Calderon ha poi invitato Obama a non dimenticare il peso che gli immigrati messicani hanno nell’economia statunitense, pur evidenziando il “coraggio” del leader statunitense nell’affrontare la questione dell’immigrazione. Il presidente americano ha sottolineato di avere fiducia nella possibilita’ che una bozza di riforma delle leggi sull’immigrazione possa essere pronta entro la fine dell’anno per essere discussa nel 2010. “Sara’ difficile” ha spiegato Obama, sostenendo che ci sara’ bisogno dell’appoggio di tutte le forze politiche, ma che l’attuale legislazione non risolve la situazione e crea forti tensioni con il governo messicano. Calderon ha incontrato una disponibilita’ minore da parte del primo ministro canadese Stephen Harper, nel contestare la decisione del suo Paese di imporre la necessita’ del visto a tutti i cittadini messicani che vogliono visitare il Canada. “Ci dispiaciamo profondamente e respingiamo la decisione del governo canadese che, pur totalmente legittima, rende piu’ difficili e ostacola il buon rapporto tra i due Paesi”.
Ottawa ha giustificato la decisione, presa il 12 luglio scorso, con l’aumento delle richieste da parte di rifugiati politici, nel 2008 poco meno di 10 mila, che rappresentano il 25 per cento delle richieste totali. Il primo ministro Stephen Harper ha spiegato che “il problema e’ relativo alle leggi sui rifugiati canadesi” che faciliterebbero il percorso delle pratiche per il riconoscimento dello status anche se le motivazioni che sono alla base della richiesta sono false.

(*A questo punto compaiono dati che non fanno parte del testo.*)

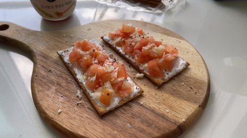 크래커에 사워크림, 토마토살사 올려서 뚝딱 만들어먹었어요

LULA PRONTO A MEDIARE TRA VENEZUELA, USA E COLOMBIA – Lula mediatore fra il Venezuela e gli Stati Uniti, ma anche fra il Venezuela e la Colombia. Doppio, delicato ruolo per il presidente brasiliano Luiz Inacio Lula da Silva che, secondo la stampa brasiliana, al summit dell’Unasur, Unione delle nazioni sudamericane, a Quito dovrà assumere il ruolo di mediatore in un clima molto teso.

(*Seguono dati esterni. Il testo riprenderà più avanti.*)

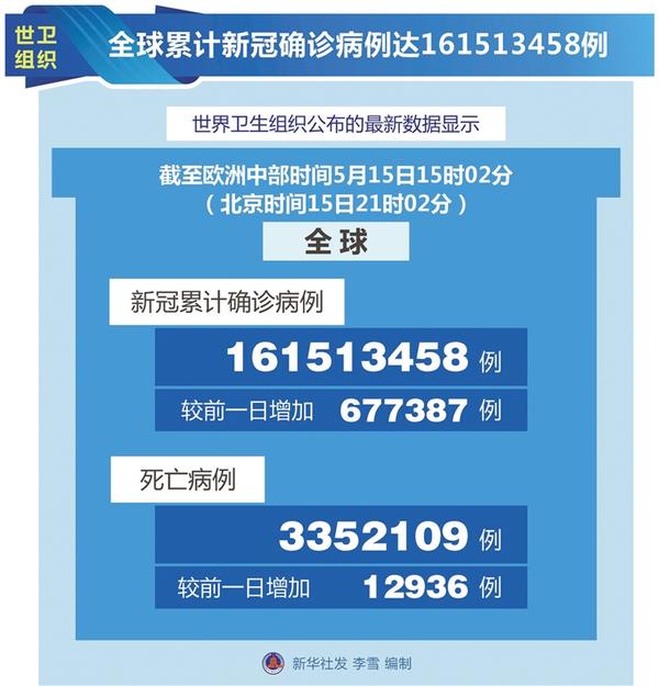 世卫组织:全球累计新冠确诊病例达161513458例

Al centro dei colloqui c’è la discussione sull’ accordo militare fra Bogotà e Washington per permettere ai soldati americani l’uso di sette basi colombiane. Un’intesa inaccettabile per il presidente venezuelano Hugo Chávez, il leader sudamericano più critico nei confronti degli Stati Uniti e delle politiche colombiane. Al vertice non partecipa il presidente colombiano Álvaro Uribe, ma questo non impedisce il dibattito sullo spinoso argomento. Ed è probabile, sottolinea Zero Hora, che Chávez o l’omologo ecuadoregno Rafael Correa tornino alla carica contro le scelte colombiane. Da Lula, alla guida di un governo di sinistra più moderato e sostenuto da alti indici di popolarità, nonostante i dubbi sulle basi espressi a più riprese, molti analisti si aspettano una posizione di possibile intermediazione. E questo non vale solo per i vicini sudamericani. Secondo Folha de Sao Paulo, il Brasile tenta la carta del dialogo fra Caracas e Washington.

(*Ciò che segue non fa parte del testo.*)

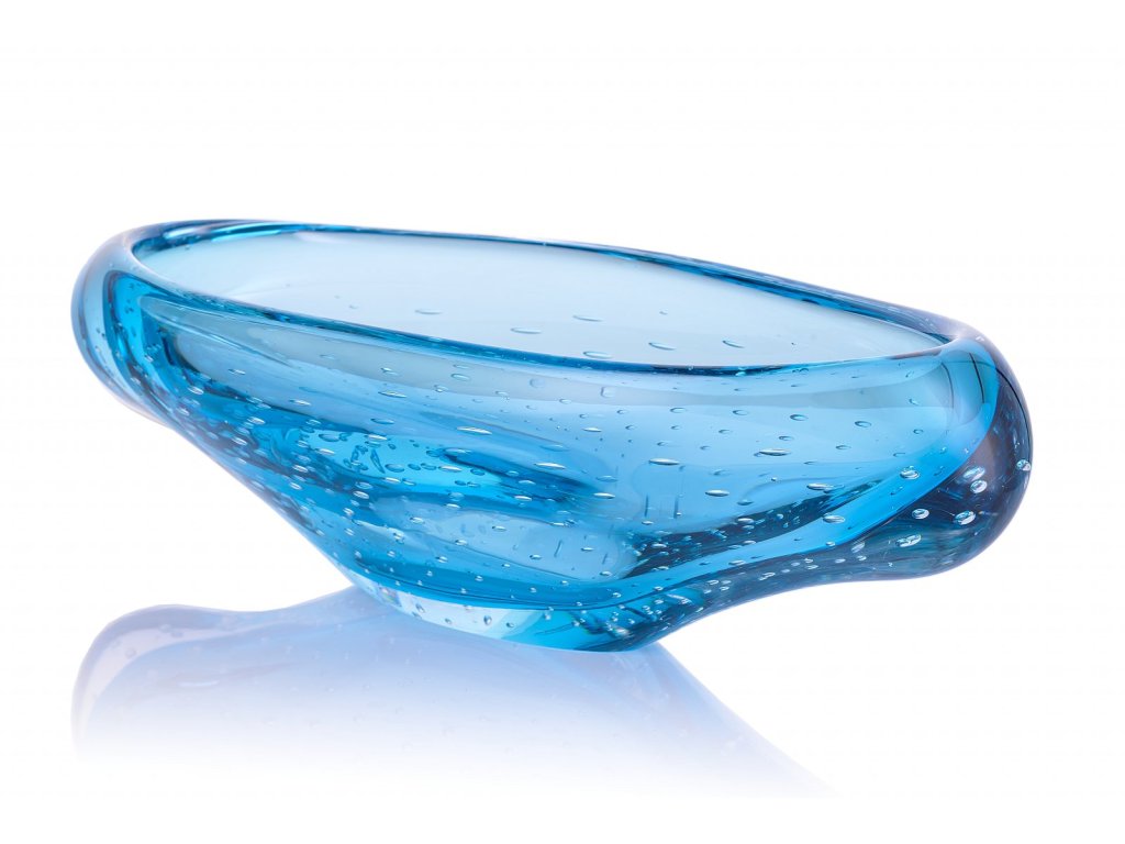 Skleněná mísa, ručně tvarovaná v jemné tyrkysové barvě s drobnými bublinkami uvnitř.

All’origine di questa scelta ci sarebbe il viaggio del consigliere speciale di Lula per gli affari esteri, Marco Aurelio García, la scorsa settimana a Caracas per incontrare Chávez.
García ha proposto al leader venezuelano di stabilire un contatto diretto con l’amministrazione americana, rivolgendo poi lo stesso invito a Jim Jones, consigliere per la sicurezza nazionale Usa.
Intanto il vertice Unasur apre i battenti senza Uribe. Il presidente colombiano ha detto e ripetuto che l’obiettivo dell’accordo militare è aumentare la cooperazione con gli Usa nella lotta contro il narcotraffico, ma nella regione sudamericana c’è scetticismo e preoccupazione. Qualcuno vede in quest’intesa una sorta di contrappeso ai recenti accordi fra il Venezuela e nazioni come l’Iran. C’è attesa per gli sviluppi: se il Brasile riuscisse realmente a ridimensionare i toni del conflitto, sarebbe un importante successo diplomatico per il governo di Lula.